While using this monitor I found a method to quickly reveal FRC: Move the mouse cursor slowly and follow it with your eyes. In the area surrounding the cursor you will suddenly spot a chesslike pattern which you won't normally notice.
I measured the display flicker with my oscilloscope and found the following:
- No PWM at brightness 56 and above
- 18 kHz PWM at brightness 5 up to 55
- 3-15 kHz PWM at brightness 1 to 4, slowly increasing
Most people and reviews tell you Eizo monitors use PWM at brightness 19 and below, so this is unexpectedly different.
So far though it seems the 18 kHz is not contributing to my eye strain.

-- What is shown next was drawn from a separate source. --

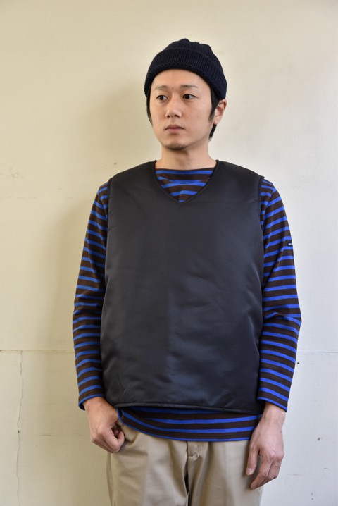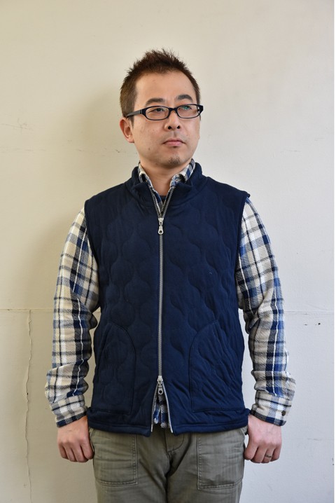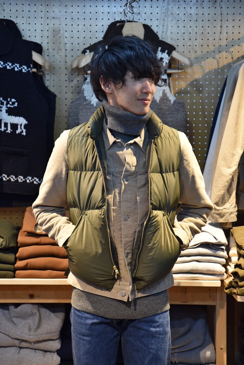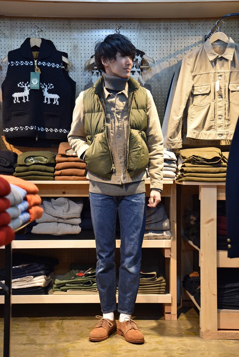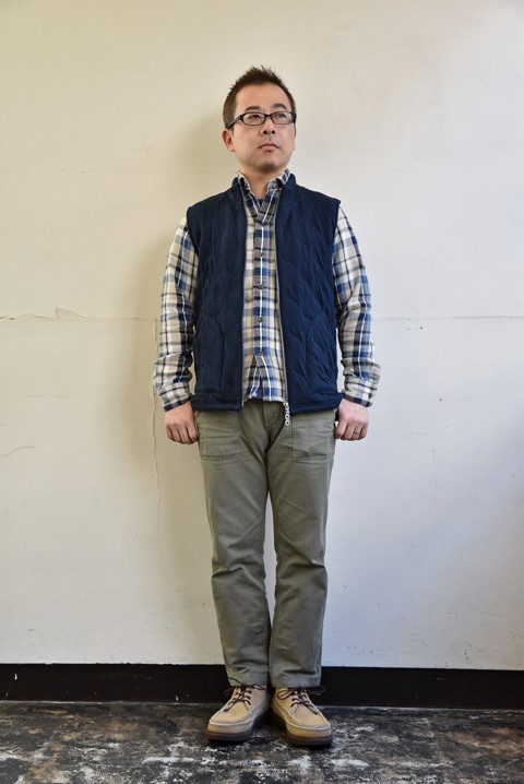 かわいいベスト、いやチョッキと呼ぶ方がしっくりくるか。どっちも同じですが。 独特な形ですが、着ているとこれが結構クセになるんです。少しヌけた雰囲気がお気に入り。 まずはインナーにウェッソンを着て楽しんでます。中綿入りでボリューム感も丁度良いので寒くなればインナー使いしてやろうと企んでます。 ●帽子 HIGHLAND2000(ハイランド2000)  ¥4,860- ●ベスト N.O.UN(ナウン)  サイズ:L  ¥22,680- ●カットソー Saint James(セントジェームス)  サイズ:5  ¥10,800- ●パンツ N.O.UN(ナウン)  サイズ:32  ¥13,824- ●シューズ BLUNDSTONE(ブランドストーン)  サイズ:8  ¥27,000- ●バッグ N.O.UN(ナウン)  ¥7,020- 身長175cm 体重65kg 足のサイズ約26.5cm
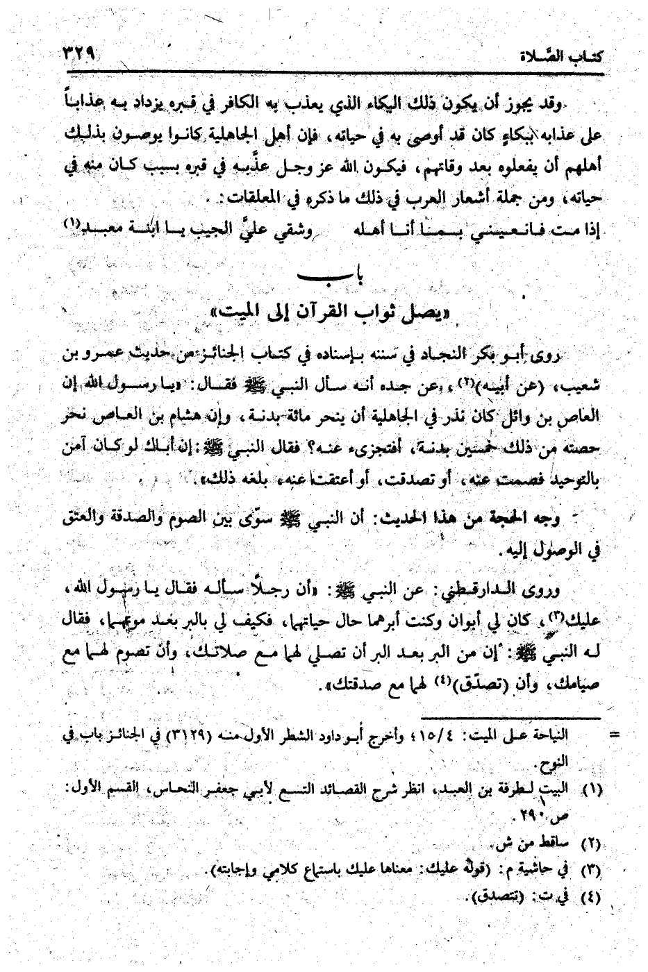 روى أَبُو بكر النجاد فِي سنَنه بِإِسْنَادِهِ فِي كتاب الْجَنَائِز من حَدِيث عَمْرو بن شُعَيْب، (عَن أَبِيه) ، عَن جده أَنه سَأَلَ النَّبِي [صلى الله عَلَيْهِ وَسلم] فَقَالَ: " يَا رَسُول الله إِن الْعَاصِ بن وَائِل كَانَ نذر فِي الْجَاهِلِيَّة أَن ينْحَر مائَة بَدَنَة، وَإِن هِشَام بن الْعَاصِ نحر حِصَّته من ذَلِك خمسين بَدَنَة، أفتجزئ عَنهُ؟ فَقَالَ النَّبِي [صلى الله عَلَيْهِ وَسلم] : إِن أَبَاك لَو كَانَ آمن بِالتَّوْحِيدِ فَصمت عَنهُ، أَو تَصَدَّقت، أَو أعتقت عَنهُ، بلغه ذَلِك ".

The monitor has an ambient light sensor and can adjust the brightness automatically. The minimum brightness is extraordinarily low. Eizo claims it's as low as 1 cd/m². However, the low brightness doesn't help with my left eye hurting all the time. I even installed LTSB 2015 to revert to a known-good hardware + OS setup, but the eye strain continued even during the setup phase, which has a very basic video mode known to be safe. I suspect it's the FRC that causes the eye strain, at least this strange part of it where only my left eye hurts (as long as I look at the screen). No way to find out since you can't turn FRC off in the monitor OSD.
So my early conclusion is this Eizo monitor is different from others in that the eye strain feels different and headaches won't kick in very quickly. But it's no joy to use this monitor for more than a few minutes either.
The monitor has high build quality and certainly a premium feel. The panel lighting is very uniform.
I will give it some more days and only use it at low brightness to see if it makes a difference over time. But it doesn't look good so far.